(Provided entries Opens)

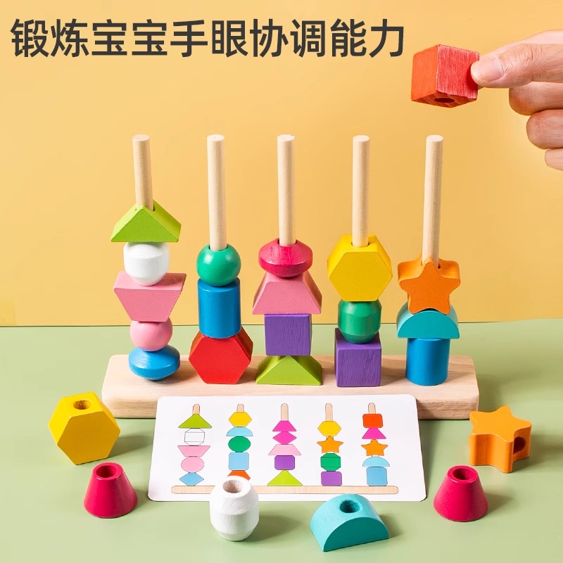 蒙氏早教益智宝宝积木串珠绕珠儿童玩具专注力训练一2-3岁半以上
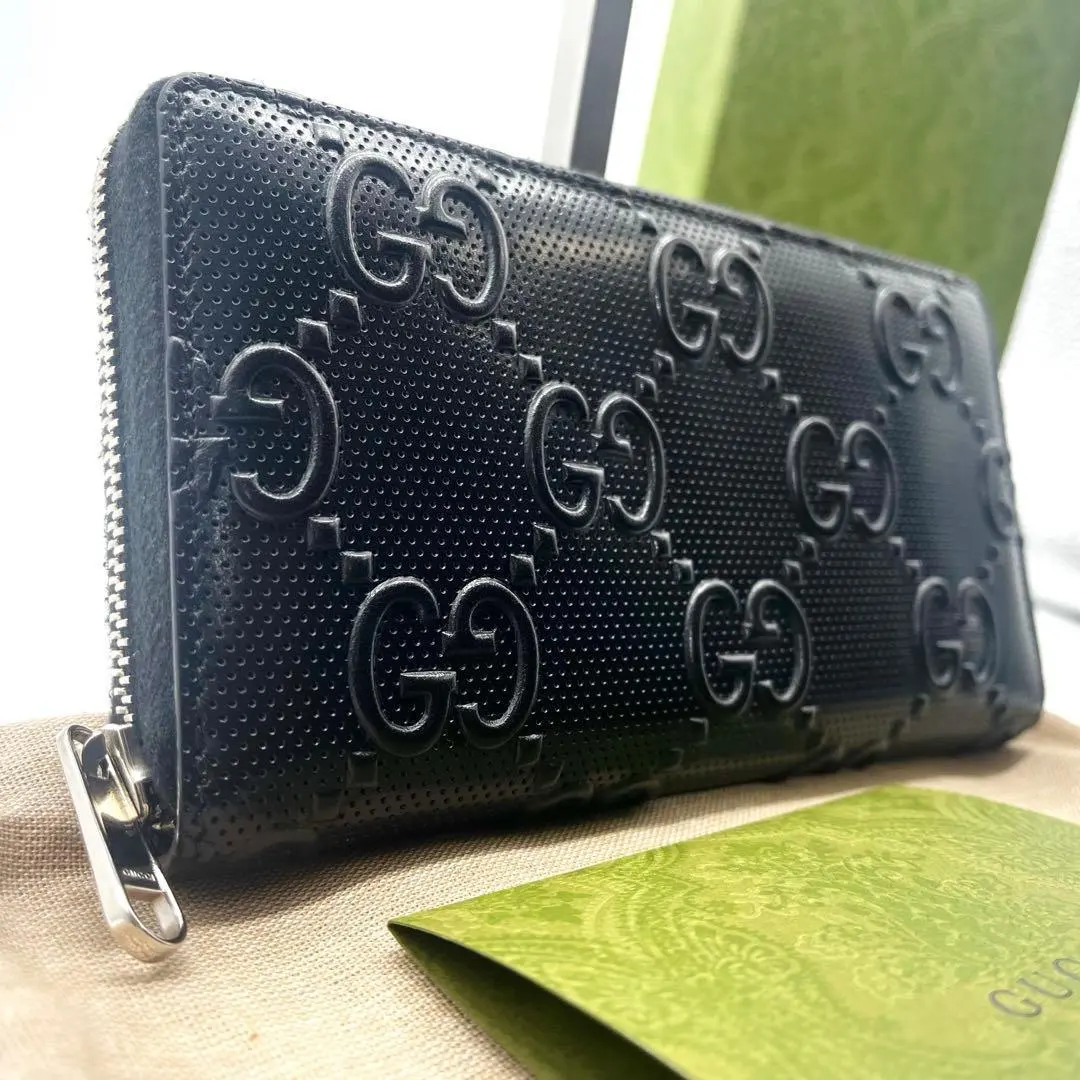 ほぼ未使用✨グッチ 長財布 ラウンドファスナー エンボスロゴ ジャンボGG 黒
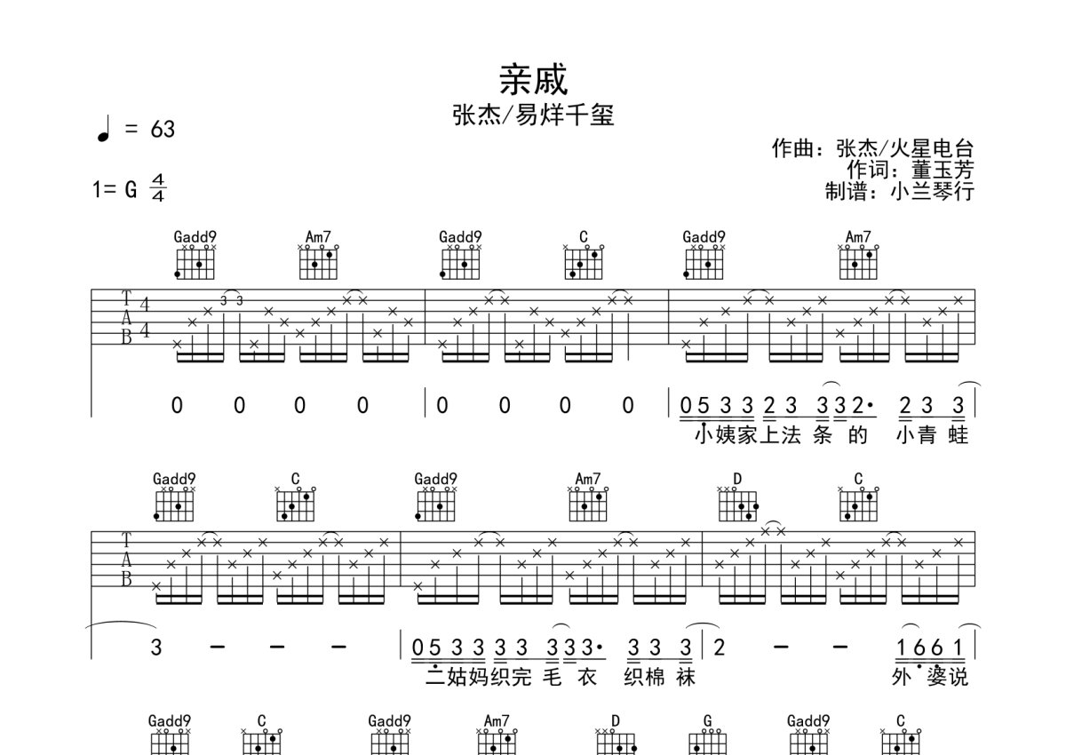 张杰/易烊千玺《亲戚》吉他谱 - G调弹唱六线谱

(Provided entries Closes)
(Provided entries Opens)

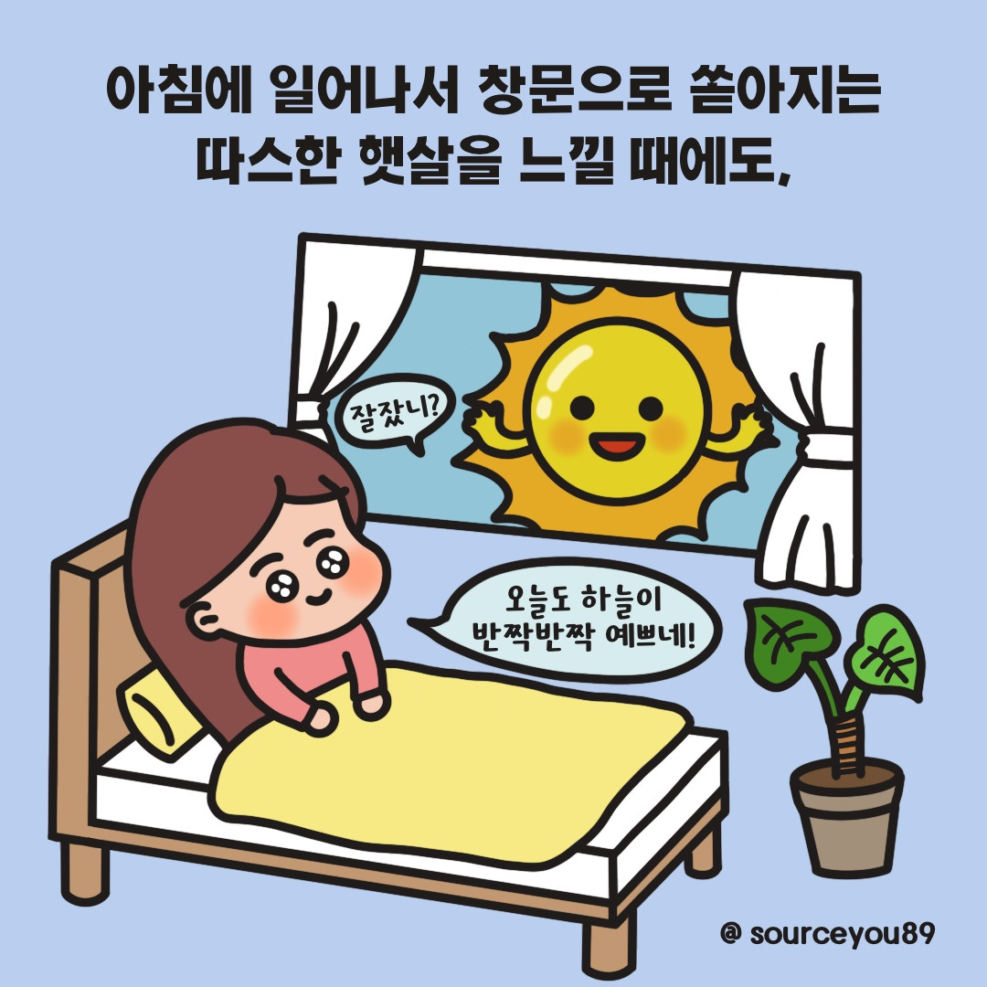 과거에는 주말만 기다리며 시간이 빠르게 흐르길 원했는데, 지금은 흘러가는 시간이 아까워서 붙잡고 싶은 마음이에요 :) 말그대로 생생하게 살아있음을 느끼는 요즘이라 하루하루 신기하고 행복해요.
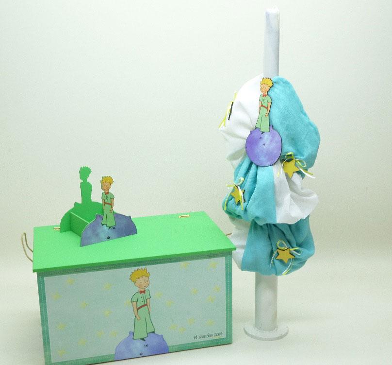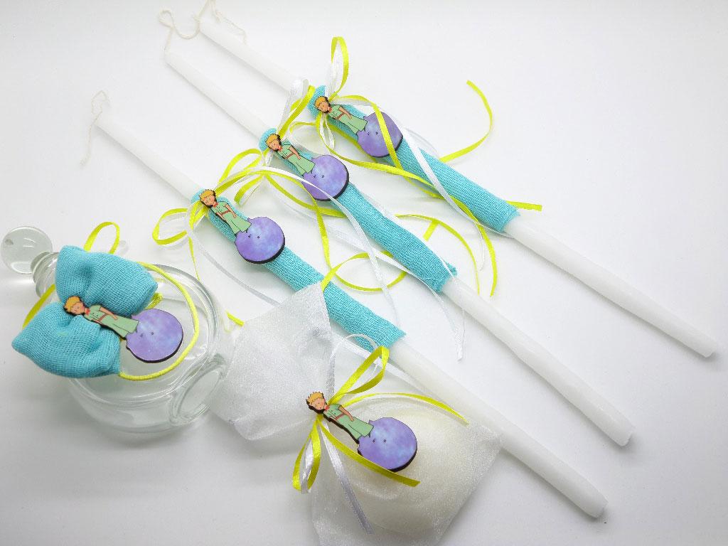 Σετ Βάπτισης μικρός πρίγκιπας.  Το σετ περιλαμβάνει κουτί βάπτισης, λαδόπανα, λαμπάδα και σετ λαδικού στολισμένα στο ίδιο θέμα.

(Provided entries Closes)
(Provided entries Opens)

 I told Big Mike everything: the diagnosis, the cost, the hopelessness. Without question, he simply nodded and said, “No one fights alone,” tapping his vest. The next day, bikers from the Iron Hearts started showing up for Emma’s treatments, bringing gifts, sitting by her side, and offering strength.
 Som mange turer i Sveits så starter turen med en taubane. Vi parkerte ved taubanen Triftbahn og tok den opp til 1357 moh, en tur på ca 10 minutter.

(Provided entries Closes)

§ What you will do:
Give again, exactly as written above, every line from the one holding "蒙氏早教益智宝宝积木串珠绕珠儿童玩具专注力训练一2-3岁半以上" to the one holding "张杰/易烊千玺《亲戚》吉他谱 - G调弹唱六线谱", with both ends kept and the pictures left out.

§ Response below:
 蒙氏早教益智宝宝积木串珠绕珠儿童玩具专注力训练一2-3岁半以上
 ほぼ未使用✨グッチ 長財布 ラウンドファスナー エンボスロゴ ジャンボGG 黒
 张杰/易烊千玺《亲戚》吉他谱 - G调弹唱六线谱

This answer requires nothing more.